# Venison haunch recipe



## badgero (Sep 5, 2015)

Hi all

Need to pick your brains.

I have a haunch of venison coming in a week or so and I`m not sure what to do with it. I have a good spicy roast recipe which does involve a brine of sorts for about 10 days and the usual game cooking books all say that the joint needs to be hung/marinaded for a week to 10 days, so that`s cool. 

I`d like to hot smoke it at a low temp for 5-6 hours (maybe), but any ideas for a rub, a marinade, some timings and temps etc?

Some ideas would be gratefully accepted.

Thanks guys


----------



## kc5tpy (Sep 6, 2015)

Hello.  You are on track as far as my knowledge takes me.  I would add the tastes I wanted to the brine and hen salt and pepper to smoke.

Time?  Temp.?  Many here may not agree but I would throw it on hte smoker at 350F..  Leave it for 20-30 minutes and then close the smoker down until you reach about 225/250.  Hold that until it is done.  I would not take that haunch above IT of 135/140.  Venison can be dry.  So wrap in foil and keep warm for at least 1 hour.  Keep Smokin!

Danny


----------



## pineywoods (Sep 6, 2015)

If you asked this in the "Wild Game" section of the main forum you would get a lot more advice

Personally when I do these I inject them and smoke at 225-250 till internal of 135-140

As Danny says they will dry out if you try to take the internal too high


----------



## foamheart (Sep 6, 2015)

Pineywoods said:


> If you asked this in the "Wild Game" section of the main forum you would get a lot more advice
> 
> Personally when I do these I inject them and smoke at 225-250 till internal of 135-140
> 
> As Danny says they will dry out if you try to take the internal too high


Have you ever tried a buttermilk marinade?

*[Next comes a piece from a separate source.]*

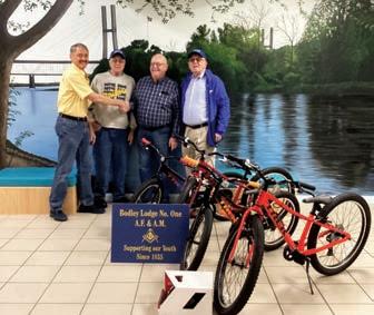 Members of Bodley lodge No.1, Quincy Illinois, presented bikes to the Quincy Public Library for their summer Reading Challenge program. Bodley Lodge is proud to have been furnishing the bikes for the library’s summer reading program for the last seven years.

Two days on the kitchen counter in just buttermilk unrefrigerated. It breaks it down a little bit making it a bit more tender. Then injecting a compound butter into the meat? A friend does that and its mighty tastee. Oh, he also wraps it in bacon.

I can't be too specific, but I have seen him do it and tasted the result. Mighty Tastee!


----------



## kc5tpy (Sep 7, 2015)

Hi Foam!!  Long time no speak!  I LIKE it buddy.  Buttermilk marinade should work GREAT!  Nice touch.  Keep Smokin!

Danny


----------